Iris shares: "Depression makes sure it is felt, seen, heard, smelled, tasted. Depression doesn't stay an acquaintance. It fights to make its presence known. It is felt in blows to the head, and cuts to the wrists. Seen in everyday tasks left undone. Heard in loud cries, and sad music. Smelled in dirty clothes and burnt suicidal letters. And tasted in binge foods, and pills.
Depression is not passive. Depression is assertive, forceful, pushy. It whispers into your ear. It is convincing. It manipulates you into ignoring your best friends. It holds your hand down the street while you cross with your eyes closed. It shows you the way to an abandoned building and while you're there hands you a piece of broken glass to relieve your pain. It tells you to hang up on the suicide hotline to prevent them from judging you.
Depression pretends to be your friend. It tells you to stay in bed and rest. But it says the same thing every morning. It tells you to turn your phone off after you send a suicidal text message. It tells you to hide in closets, cars, and public restrooms while everyone else is having fun at a party because it isn't safe out there. It tells you to walk out of class and church service. It tells you to treat yourself, but says the same thing when you have $10 left for the week.
In 2017, I cut and harmed myself again. Wrote suicidal letters. Went to two different counselors. Took antidepressants. Had terrible eating habits:not eating or always eating. Depression took over most of my year. It made me lonely, angry, joyless. Filled me with fear, doubt, and insecurity. Prevented attachment and built walls.
Depression was and is stubborn, strong, and clingy, but it wasn't and isn't indestructible.
During my first week as a college student, I decided to make Jesus Lord of my life. But depression has been a part of my life since I was a kid. So when I felt feelings of despair I would beat myself up for not understanding Paul's command to "be joyful always".
When was God going to return to me the joy of my salvation? Why was my soul downcast? If Jesus came to bring me joy, and asked me to remain in him to make my joy complete, why wasn't I joyful? Maybe I wasn't really a disciple? But I was holding on to his teachings. Even if I couldn't muster the strength to read I would listen to the Bible. I would pray all day long. I was opening up, I was even getting professional help. Why was I so miserable?

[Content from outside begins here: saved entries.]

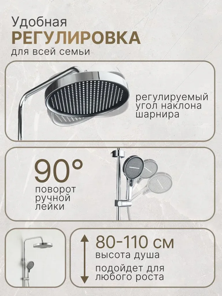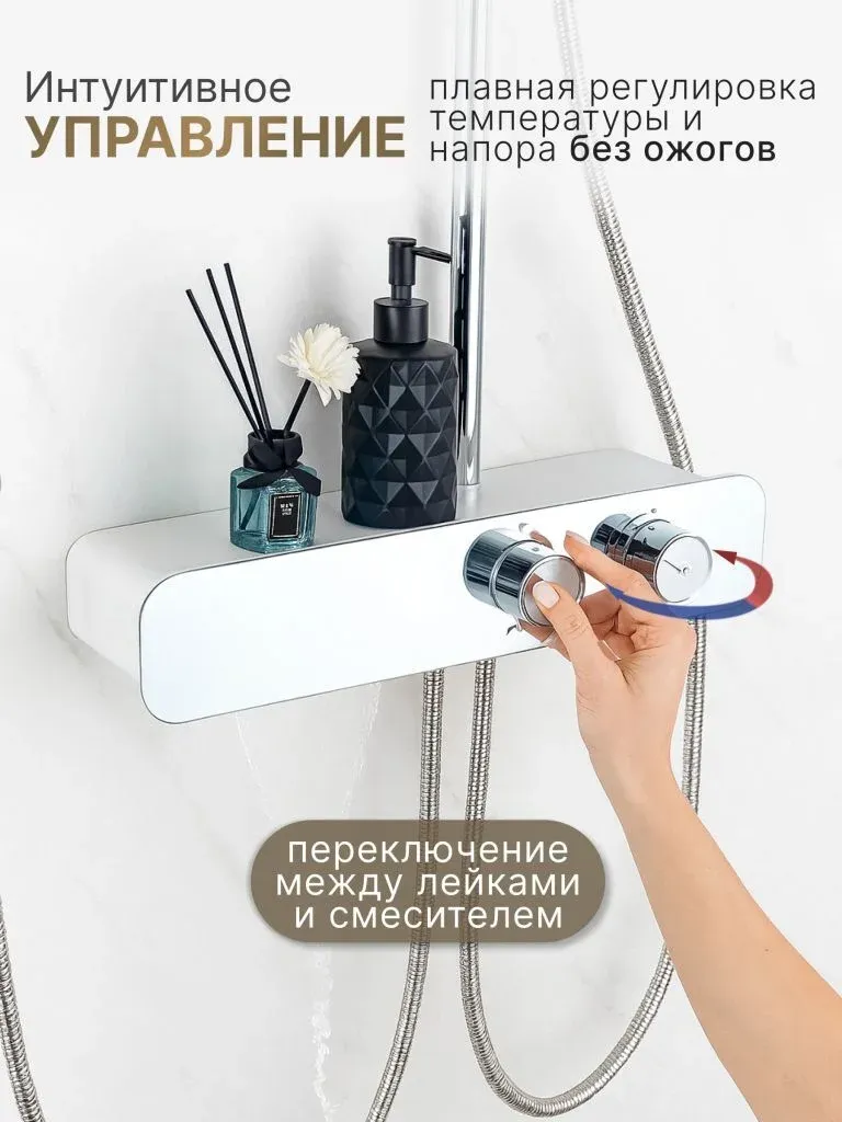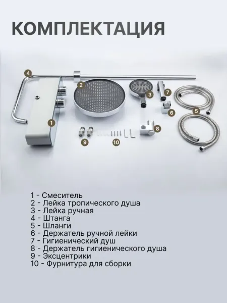 Душевой комплект содержит все необходимое для монтажа. Кроме того, наша душевая стойка с дисплеем и подсветкой имеет простой и быстрый монтаж, благодаря чему вы сможете установить ее самостоятельно без привлечения специалистов. Это позволит сэкономить время и деньги, а также получить удовольствие от процесса создания своего уютного уголка в ванной комнате.
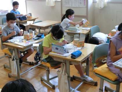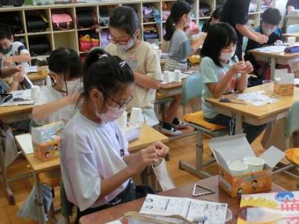 3年3組では、音のふしぎを学習します。これから音を出して気づいたことを出し合っていくため、トライアングルや輪ゴムギターなど自分が実験に使う道具を準備していました。説明書を見てもやり方がわからないところは、近くの友達に聞いています。
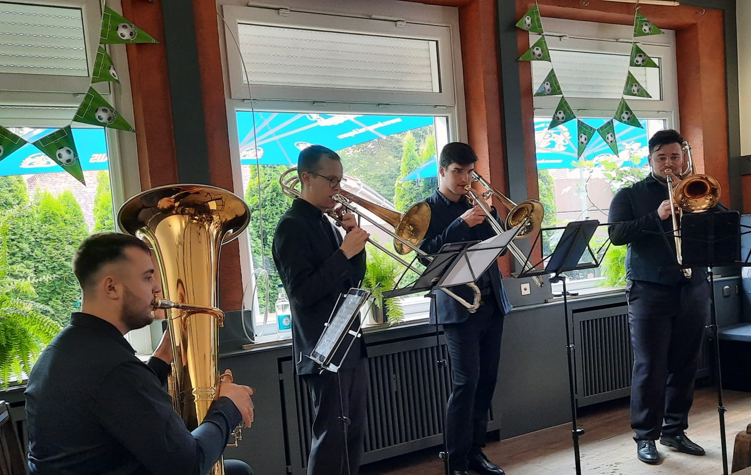 Knapp 60 Musikbegeisterte kamen beim Frühschoppenkonzert am Sonntag, den 07.07.2024 auf ihre Kosten. Die vier Musiker der „Festival:Philharmonie Westfalen“ hatten Posaunen und eine Tuba mitgebracht und ein zweiteiliges Programm zusammengestellt: „Classic“ und „Beatles meet Sinatra“. Während im zweiten Teil das Mitsingen des Publikums zu den bekannten Evergreens erwünscht war, vermittelten die Künstler zu Anfang eine sonntägliche, fast festliche Stimmung bei Fork. Gut gelaunt wünschten wir uns am Schluss einen „schönen Sonntag“ und dass es Konzerte dieser Art öfter geben möge!

I notice it now. But I didn't then. I was so self-focused. All of the above questions revolve around me. As if my happiness and my joy were what this world is about. And obviously it wasn't, it isn't, and it will never be about me.
God places us in the times and places we need to be so that we will seek him. And he placed me in a church that is devoted to God. That is devoted to one another. And I am so grateful for that. When I step back and take my eyes off of myself I see everything God was doing and keeps doing to heal me.
I recall how one of the ladies at church came up to me and said she had noticed that I hadn’t been myself lately and she knew something that could help me. We didn’t get to talk then, but couple weeks later she showed me Isaiah 61 and explained how a course at Setting Captives Free had really helped her with her purity when she was in college.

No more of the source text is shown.